**Exercise directions**
What is needed is the full listing written out exactly, minus the pictures.

Segment Start: Exercise data

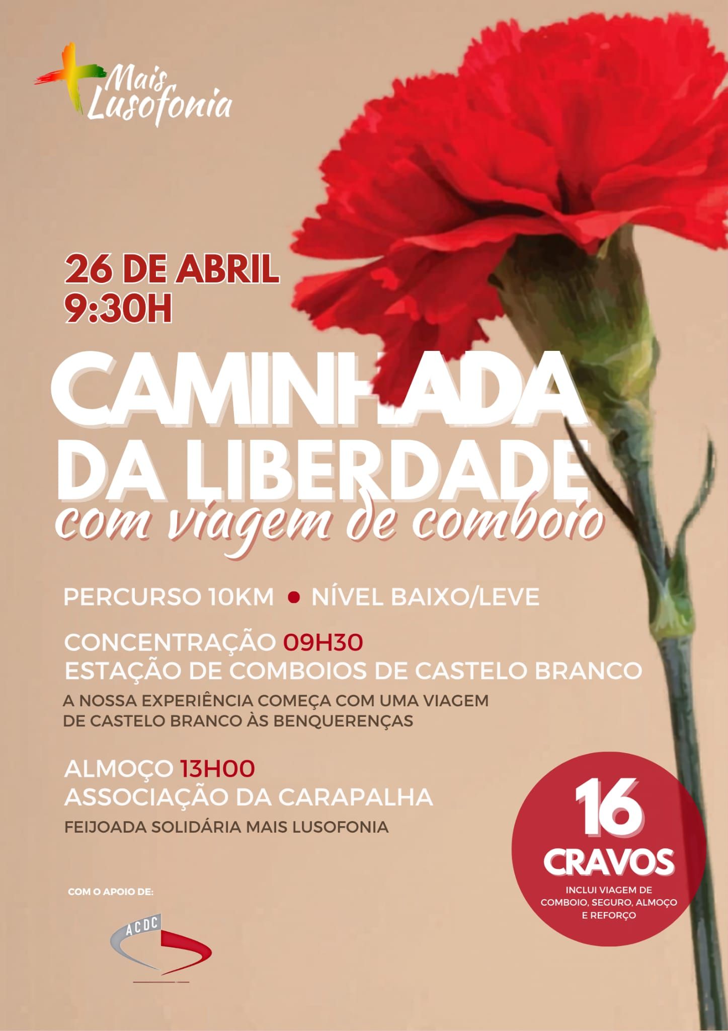 A tradicional “Caminhada da Liberdade”, promovida pela associação “Mais Lusofonia”, realiza-se no próximo dia 26 de abril, com concentração às 09h30 na estação de comboios de Castelo Branco, região Centro de Portugal, combinando um percurso pedestre de dez quilómetros com uma viagem até Benquerenças e um almoço solidário no final da iniciativa.
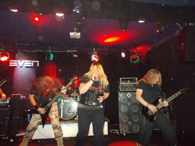 Seguimos con DEVIL IN YOU, banda sevillana que practica un Death ´n Roll muy en la linea del mas clásico death metal. Formados por Rubio y Jose a las guitarras, Thedy al bajo, Trujillo a la batería y Marta al micro. Una actuación en la que se intento tirar de la interacción del publico, pero este seguía frío. Aun así, 20 minutos bien aprovechados, incluso hubo algún que otro pogo para ir calentando la sala.
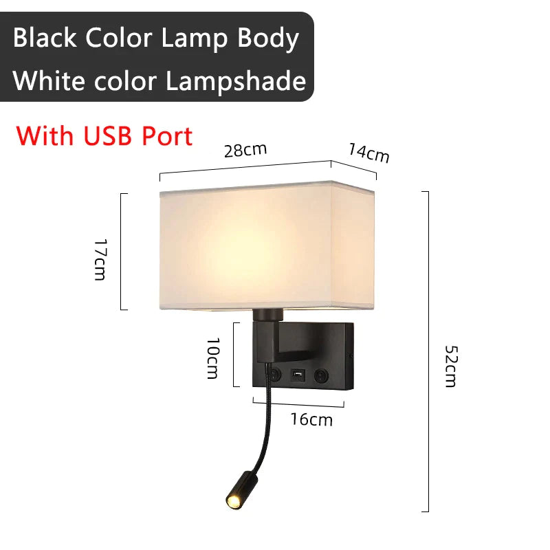 Afralia™ USB Port Bedside Wall Lamp with LED Light for Reading and Phone Charging
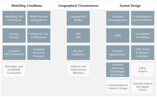 Although not considered in the reviewed papers, politics and world order heavily influence the power sector. This has been evident in the Russia and Ukraine conflict, where restrained natural gas supply created turmoil in European Union (EU) markets []. This, in turn, has accelerated interest in hydrogen and self-sufficiency [], directly linking LDES to the discussion, which could speed up the deployment of the technologies.

Segment End: Exercise data

**Your solution**
 A tradicional “Caminhada da Liberdade”, promovida pela associação “Mais Lusofonia”, realiza-se no próximo dia 26 de abril, com concentração às 09h30 na estação de comboios de Castelo Branco, região Centro de Portugal, combinando um percurso pedestre de dez quilómetros com uma viagem até Benquerenças e um almoço solidário no final da iniciativa.
 Seguimos con DEVIL IN YOU, banda sevillana que practica un Death ´n Roll muy en la linea del mas clásico death metal. Formados por Rubio y Jose a las guitarras, Thedy al bajo, Trujillo a la batería y Marta al micro. Una actuación en la que se intento tirar de la interacción del publico, pero este seguía frío. Aun así, 20 minutos bien aprovechados, incluso hubo algún que otro pogo para ir calentando la sala.
 Afralia™ USB Port Bedside Wall Lamp with LED Light for Reading and Phone Charging
 Although not considered in the reviewed papers, politics and world order heavily influence the power sector. This has been evident in the Russia and Ukraine conflict, where restrained natural gas supply created turmoil in European Union (EU) markets []. This, in turn, has accelerated interest in hydrogen and self-sufficiency [], directly linking LDES to the discussion, which could speed up the deployment of the technologies.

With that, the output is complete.